Make an enum idiomatic D - enhancing GNU Bison's Dlang support

Adela Vais adela.vais99 at gmail.com
Wed Sep 2 13:20:14 UTC 2020


On Tuesday, 1 September 2020 at 18:18:06 UTC, H. S. Teoh wrote:
> 	enum SymbolKind {
> 		S_YYEMPTY = -2,
> 		S_YY_EOF = 0,
> 		S_YYerror = 1,
> 	}
>
> 	import std;
> 	pragma(msg, format("%d", SymbolKind.S_YYEMPTY));
> 	pragma(msg, format("%s", SymbolKind.S_YYEMPTY));
>
> Output:
> 	-2
> 	S_YYEMPTY
>
> All you have to do is to ensure that when the enum value is to 
> be printed out, you specify to use the string representation.  
> Depending on whether you choose to have @nogc compatibility, 
> you may or may not use std.format, but either way, it's not 
> hard to obtain the string representation of an enum value in D.

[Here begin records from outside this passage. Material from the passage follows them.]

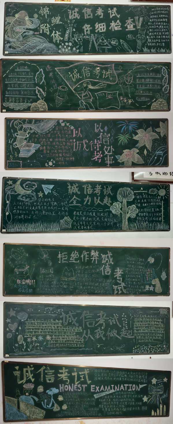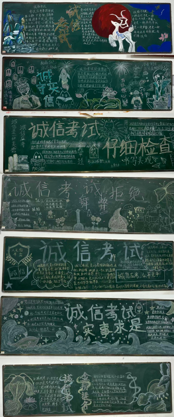 与主题班会同步开展的黑板报征集活动,成为弘扬诚信美德的“无声课堂”,赢得全系学生积极响应。各班级精心构思,将诚信理念融入版面设计,图文并茂、立意鲜明。既清晰呈现考场纪律、违纪处理等关键信息,又以名言警句、生动漫画、诚信倡议书等形式,弘扬诚实守信美德,批判考试舞弊行为,在潜移默化中强化了学生的规则意识与自律精神。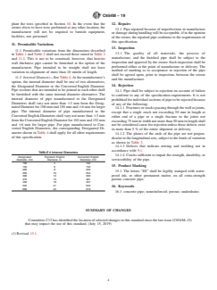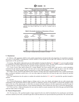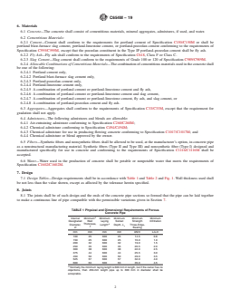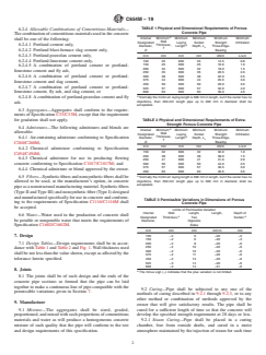 ABSTRACT This specification covers porous nonreinforced concrete pipe for use in underdrains. Pipe manufactured according to this specification shall be of two classes identified as “standard porous nonreinforced concrete pipe”, and “extra-strength porous nonreinforced concrete pipe. ” The concrete shall consist of cementitious materials, mineral, aggregates, and water. The joints shall be of such design and the ends of the concrete pipe sections so formed that the pipe can be laid together to make a continuous line pipe. The aggregates shall be sized, graded, proportioned, and mixed with such proportions of cementitious materials, and water as will produce a homogeneous concrete mixture of such quality that the pipe will conform to test and design requirements. Pipe shall be subjected to curing. Special shapes or fittings for use with concrete pipe conforming to this specification shall be made of porous or nonporous concrete in such manner as will provide strength at least equal to the class of the adjacent pipe to which they are joined; and shall conform to all other requirements specified for pipe. The test pipe shall freed from all visible moisture. When dry, each pipe shall be measured and inspected. The crushing strength of the porous material as well as its infiltration, shall conform to the requirements. SCOPE 1.1 This specification covers porous nonreinforced concrete pipe for use in underdrains. 1.2 This specification is the metric counterpart of Specification C654. 1.3 This international standard was developed in accordance with internationally recognized principles on standardization established in the Decision on Principles for the Development of International Standards, Guides and Recommendations issued by the World Trade Organization Technical Barriers to Trade (TBT) Committee.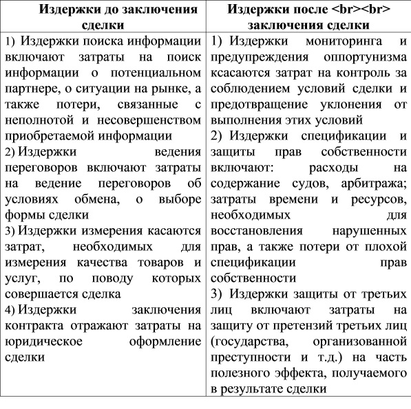 Трансакционные издержки можно классифицировать в зависимости от этапов заключения сделки.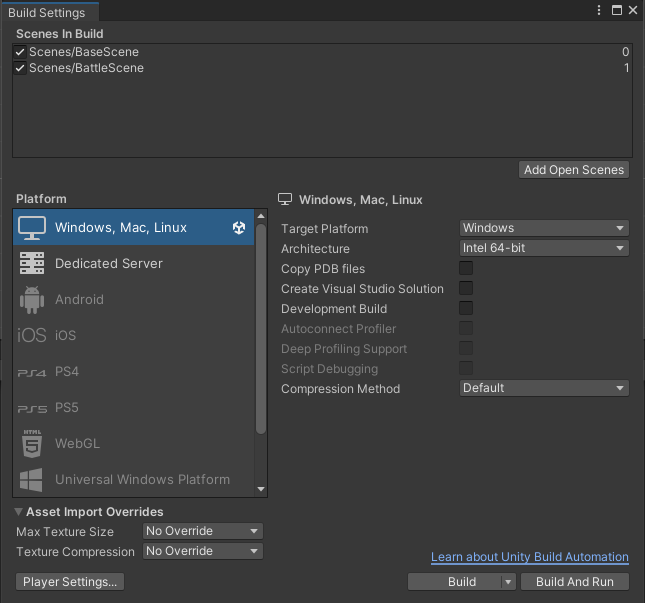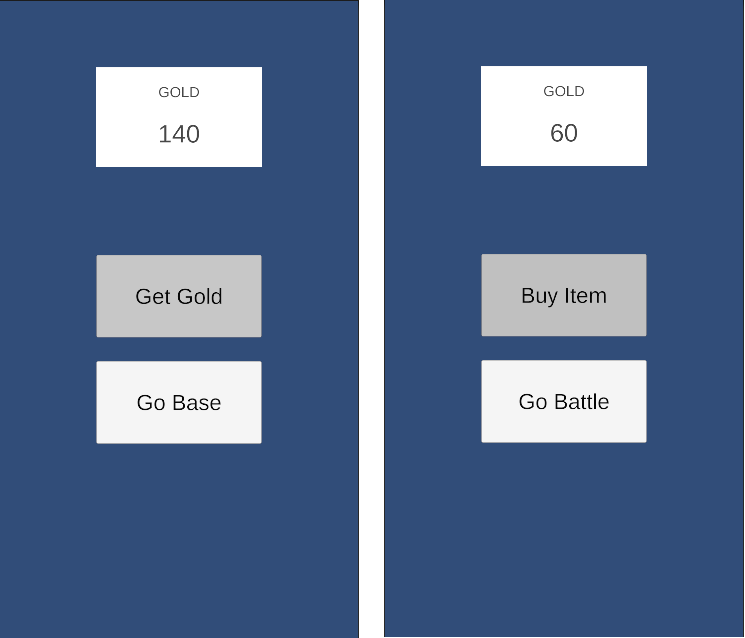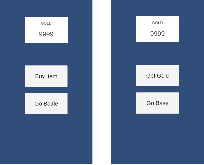 위 사진은 Base Scene과 Battle Scene의 게임 화면이다. 간단하게 Base Scene과 Battle Scene 모두 현재 소유하고 있는 골드를 나타내는 이미지 UI가 있고 Base Scene에는 골드를 사용하는 Buy Item 버튼과 Battle Scene으로 이동하는 Go Battle 버튼이 있다. 그리고 Battle Scene에는 Get Gold 버튼을 통해 골드를 얻을 수 있고 Base Scene으로 이동할 수 있는 Go Base 버튼이 있다. 그리고 현재 골드량을 나타내는 Gold Text는 현재 갖고 있는 골드량에 따라서 바뀐다. 그리고 Build Settings에 들어가서 BattleScene도 빌드할 수 있도록 Scenes In Build에 넣어준다.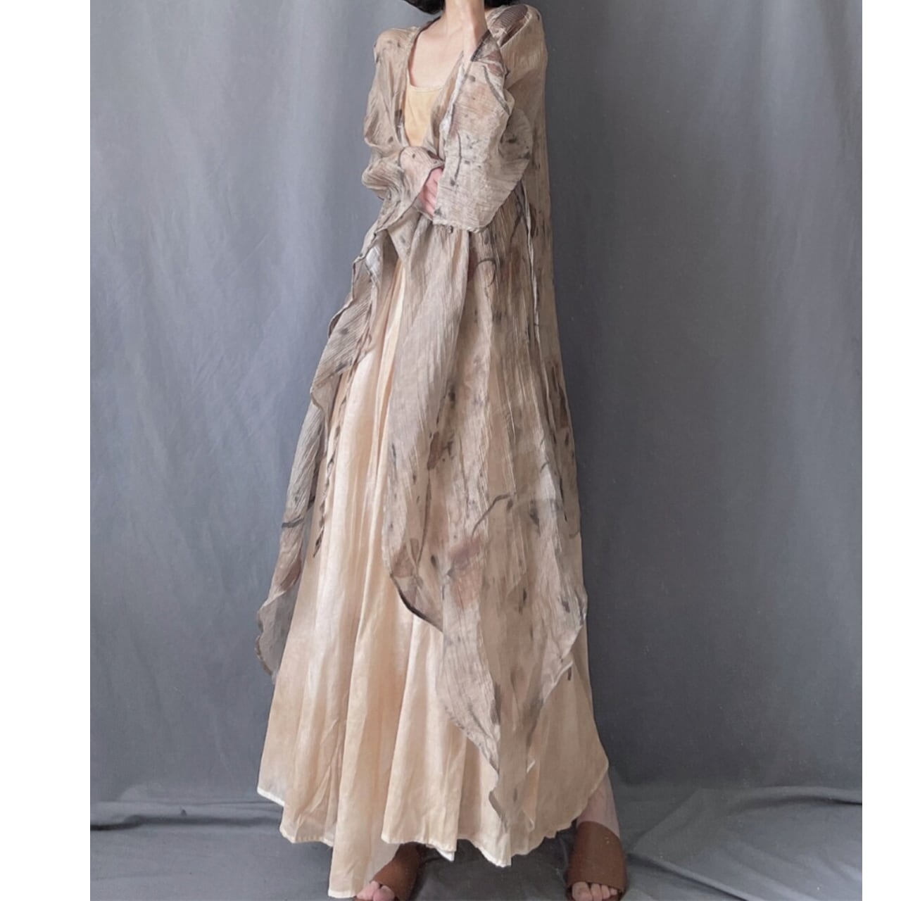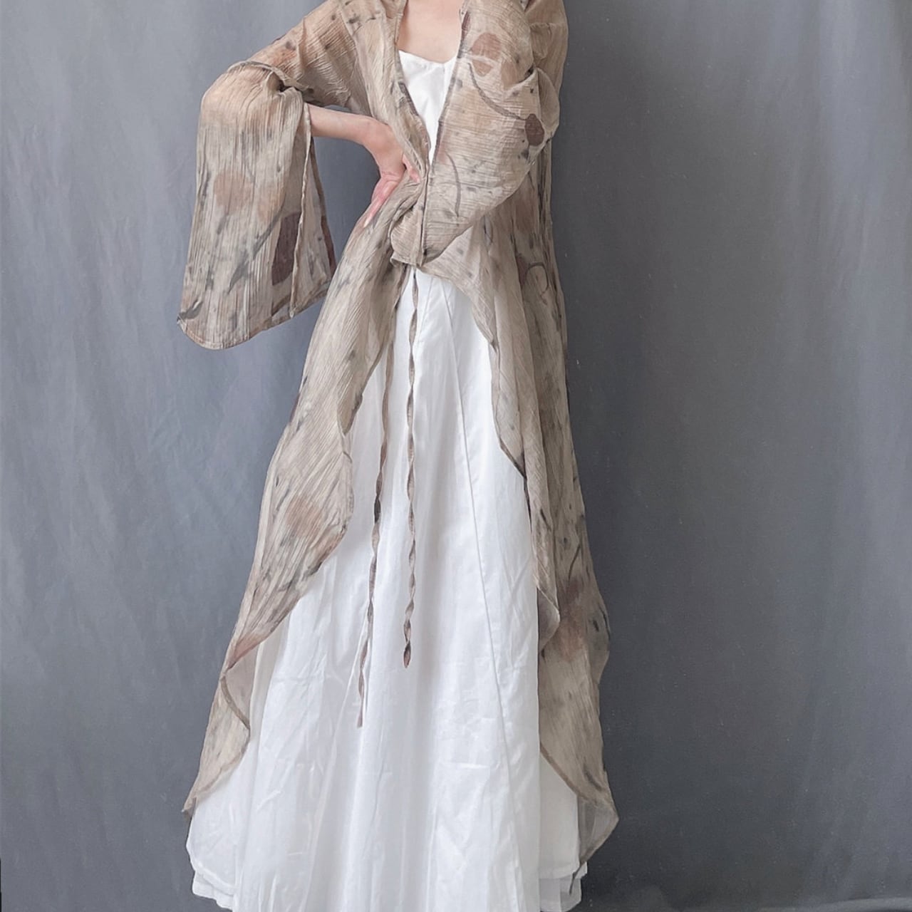 ・軽やかな透け感と、落ち着いたフラワー柄が印象的なロングカーディガン。

Thank you for your answer!

The problem is that I need specifically the Bison-generated 
string representation, so S_YYEOF.toString should give "\"end of 
file\"", not "S_YYEOF".

I think I *can* change the name of the elements of the structure, 
but I don't think it's a great idea, as they are also 
automatically generated by Bison and the other languages' parsers 
leave them as is.

The string representation is needed only in case of an error 
output message. The enum's members are used as integers 
throughout the program, so I can't do something like:

   enum SymbolKind {
     S_YYEOF = "\"end of file\"",
     S_YYerror = "error",
     ...
   }

Based on what you said about using UFCS in my advantage, I 
thought about adding a method (to the class that contains the 
enum) that gives the string representation. But I have to think 
about how I can avoid a call like this.toString(token). Should I 
try to do this?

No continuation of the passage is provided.